Varied morphological adaptations to habitats are also hard to reproduce in a lab: Flounders and halibut are benthic residents and don’t need depth-stabilizing swim bladders – which often also serve as resonators to confer sound into fishes hearing organs, (but they do have cilia on their top side). There are schooling fishes that need to sense the low-frequency swimming motion of adjacent schooling partners in order to keep their tight, defensive school formations in sync, and gamete-dispersal breeders that chorus to aggregate with conspecifics for their collective romantic encounters.
And perhaps most befuddling; intertidal, wave break, and brook-residing fishes dwelling in turbulent habitats where frisky brooks, wave-tormented tide pools, and crashing waves that all generate noise with hundreds-to-thousands of times more noise energy than the acoustical cues these critters need to feed, communicate, and avoid predation.

So how do fishes hear in loud thrashing, splashing, and bubbly environments? In our visual environment, light radiates from various sources – the sun, the moon, light bulbs, reflections off the clouds and bodies of water, etc. As light travels through our environment, it’s just stochastic noise. We can’t see light until it strikes an object, at which point the “light noise” lines up to reflect a set of coherent wave fronts that allow us to reconcile the visual world around us.
In water, where sound serves as “light,” the same thing is probably happening.
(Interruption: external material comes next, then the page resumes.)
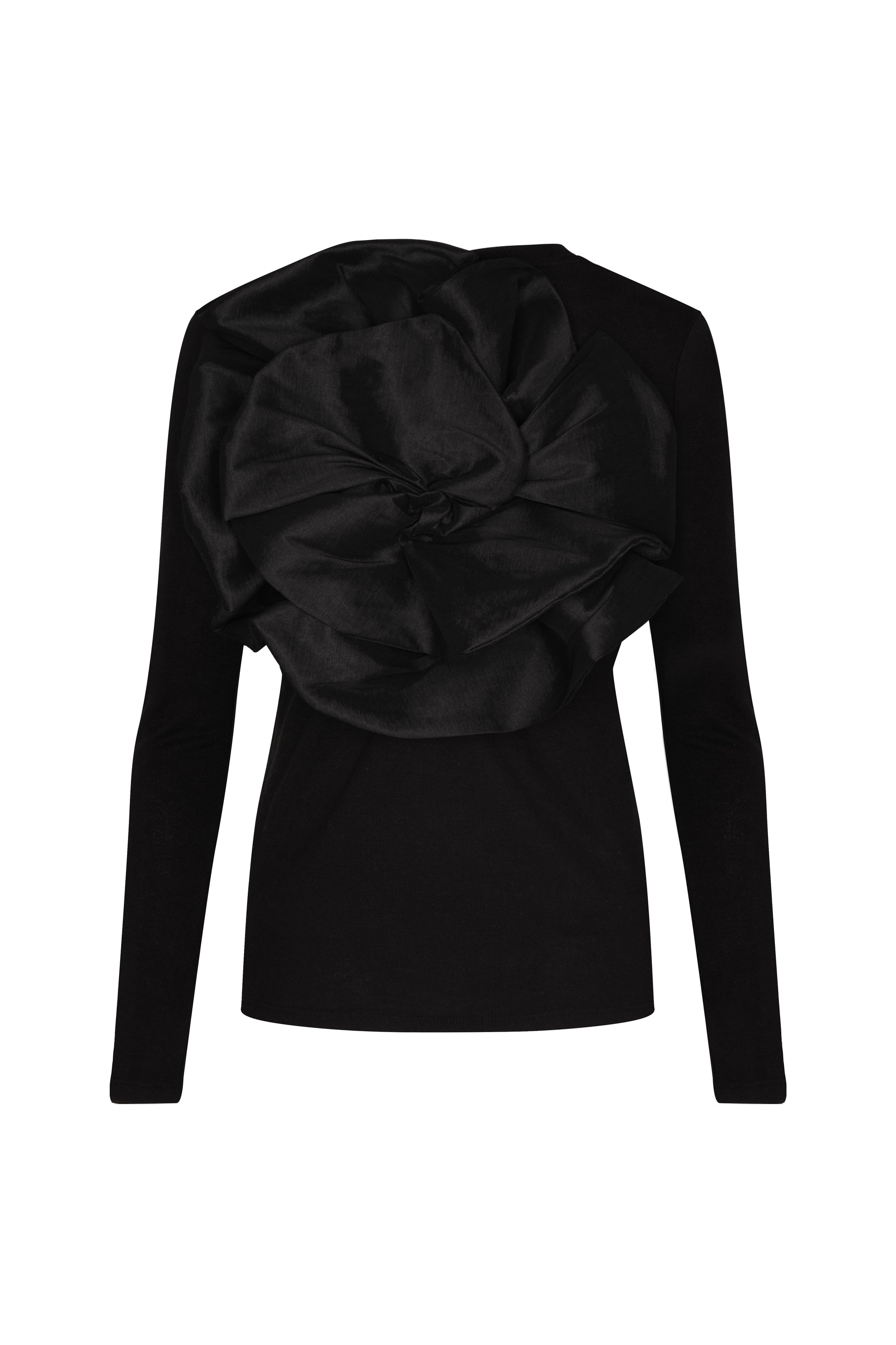 “Memoria Pura” is a black knit sweater that celebrates elegance in its purest form. Its clean design is enhanced by a floral motif that adds a subtle and distinctive touch.

Intertidal fishes don’t hear the noise in their environment until it strikes an object and returns a coherent wave front – which their hearing organs coagulate to sense their surroundings.
So all of this testing of frequency-amplitude hearing thresholds of fishes in a lab is, as my father would say, “measuring a manhole with a micrometer.”
Once we noticed the deviation of fishes hearing thresholds away from our “Wenz Curves” hypothesis, we probably should have nixed all of the fish papers, except perhaps that they help us prove this point.